En el inicio de los 90 teníamos un cajón de casetes con un esparadrapo sobre el que escribimos ‘shoegaze’. En los cantos de plástico de esas cintas pintamos con rotulador nombres de héroes británicos: Lush, Ride, My Bloody Valentine y, por supuesto, Slowdive. Muchas veces más por estética y cercanía que por sonidos comunes estas bandas ardieron en la misma lumbre, un fuego que había avivado The Cure con Disintegration. Fue una nueva escena melancólica pero vibrante en Albión, en la que Slowdive tallaron una carrera tan memorable como efímera.

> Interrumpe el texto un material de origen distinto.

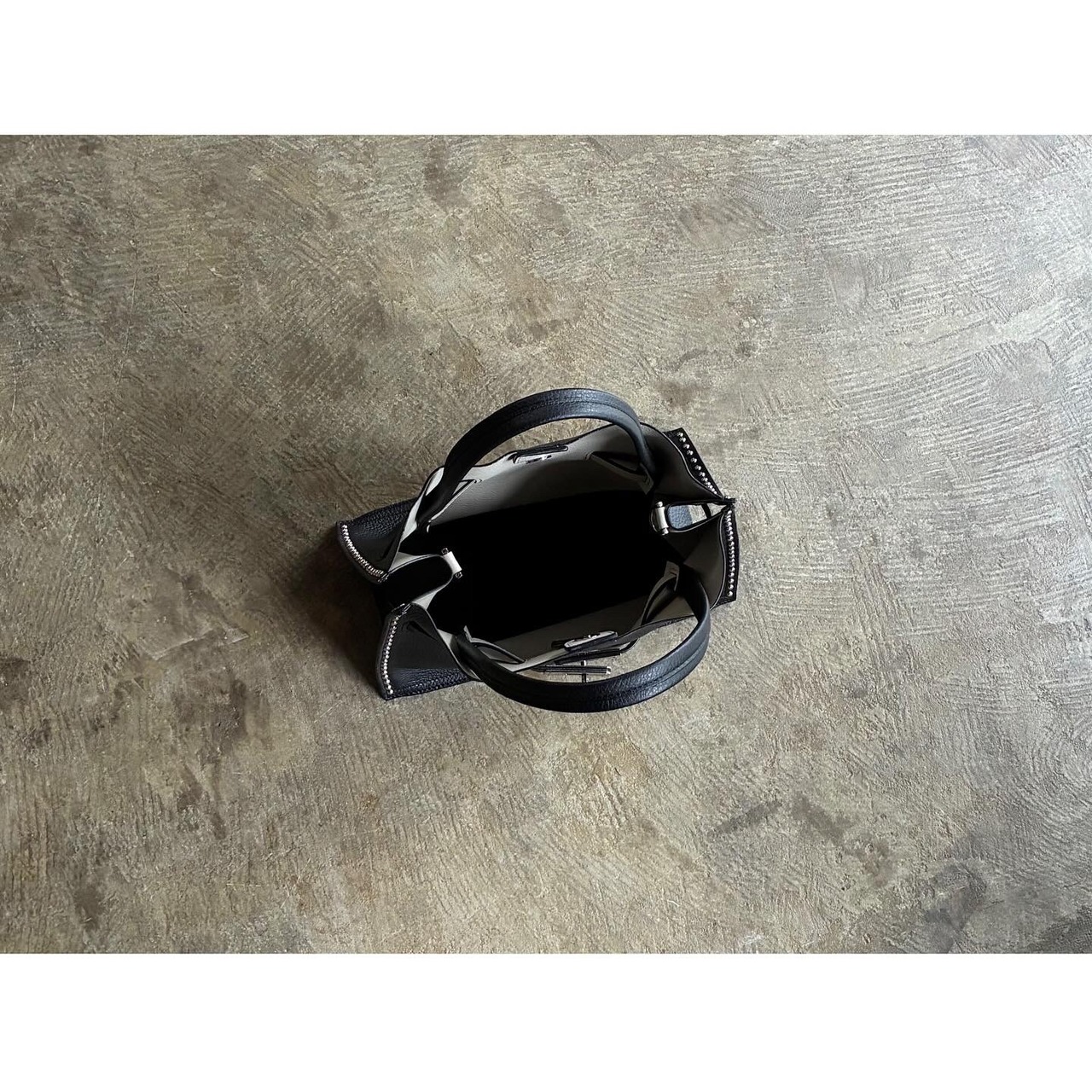 無駄のない美しいフォルムに、さりげないスタッズとシルバーの金具がアクセントとなり、洗練された大人の雰囲気を演出してくれます。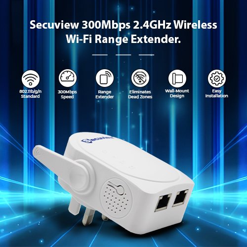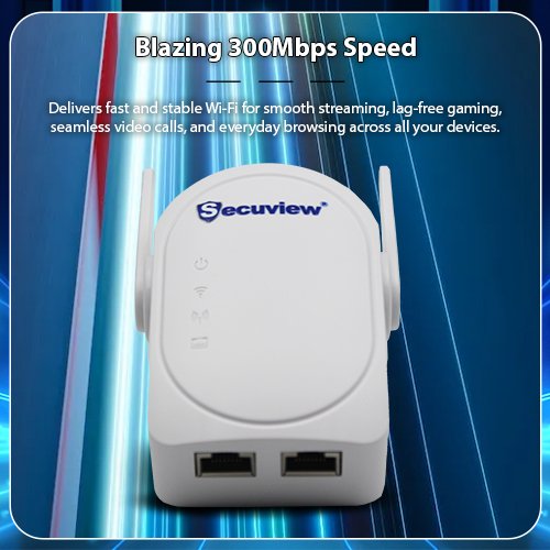 Extend your Wi-Fi coverage with the Secuview 300Mbps 2.4GHz Range Extender — stable, reliable, and easy to set up for home or office use.

Casi 20 años después de su despedida volvieron a los escenarios en el Primavera Sound de 2014. Remataron su regreso en 2017 con un disco homónimo que, entre la mediocridad que vivimos, se levanta como un tótem. Un trabajo que iba a ser presentado en directo en el festival MadCool de 2017, pero tras el fallecimiento en esa edición del acróbata Pedro Aunión, Slowdive fueron la única banda que decidió no salir al escenario ante el alcance de la tragedia.

Con este precedente en el recuerdo, y con una sala Joy abarrotada de personas que en gran porcentaje también habían vivido el infortunio, salieron Slowdive a escena. Una atmósfera de aguamarinas inundó la sala y nos cogimos de la mano, como apoyados en alguien mayor para darnos el primer baño en el mar. “Niño mójate la nuca que te va a dar impresión el agua”, y de cabeza nos metimos el chapuzón.

El comienzo del concierto fue un encuentro entre lo más nuevo, Slomo, y lo más antiguo, Slowdive. Dos canciones separadas por casi 30 años que muestran la capacidad de homogeneizar sensaciones, sobre todo por la forma de entonar de Neil Halstead y Rachel Goswell. Esa conversación que mantienen en el escenario te mete de lleno en la atmósfera. Lo tenían fácil porque la gran mayoría de los presentes llevaban tres décadas trotando por esos paisajes. Tanto, que miré a mi amigo Jorge entre el público y le vi mucho más joven, era ese niño de los 90 que andaba entre la nieve con su walkman de cascos de esponjillas naranjas.

El setlist fue bailando con el mismo porte entre cortes de todos sus álbumes, destacando sobre todo el paso marcial Joy Division de Crazy For You o Star Roving, e incluso momentos por los que Explosions In The Sky deberían pagar derechos, como Avalyn. Con Catch The Breeze vimos al Simon Gallup de Faith, en No Longer Making Time nos metimos dentro de la bola de espejos y, para cuando lanzaron Souvlaki Space Station, mi colega Guille se había vuelto a una de las sesiones de la sala Dark Hole. Así de bien.

Hubo mucha emoción pero no terminaron de desatarnos. Aunque Neil tiene pedaleras a sus pies como para alicatar un cohete nunca perdieron Slowdive la compostura: cortes como When The Sun Hits te los has imaginado con volumen atronador, ruido blanco en el cerebro y la banda desbarrando hacia todo tipo de experimentos. Pero no, a lo largo del concierto se impuso la compostura. Incluso hubo un punto de complacencia al izar su bandera, Alison.

El directo lo remataron chupando la pirula de Sugar For The Pill, una nueva canción que es en el pop de esta década una especia melange, un ácido que miles de jóvenes bandas no se han chutado ni de cerca. Slowdive se fueron al camerino tiñendo de rojo el lacrimal con Golden Hair, una llave para abrir el cuarto de Syd Barret y encontrar en un cajón el germen del post-rock. Los bises los remataron entre la calma de Dagger y la tormenta de 40 Days.

No corrió la sangre y no sufrieron riesgos, pero fue un concierto impoluto y sobre todo cargado de emoción. Slowdive tocan con la cabeza agachada pero viendo el cielo bajo sus pies: bajan la mirada con la seguridad de quien sabe que no se le va a caer la corona. Gracias, majestades.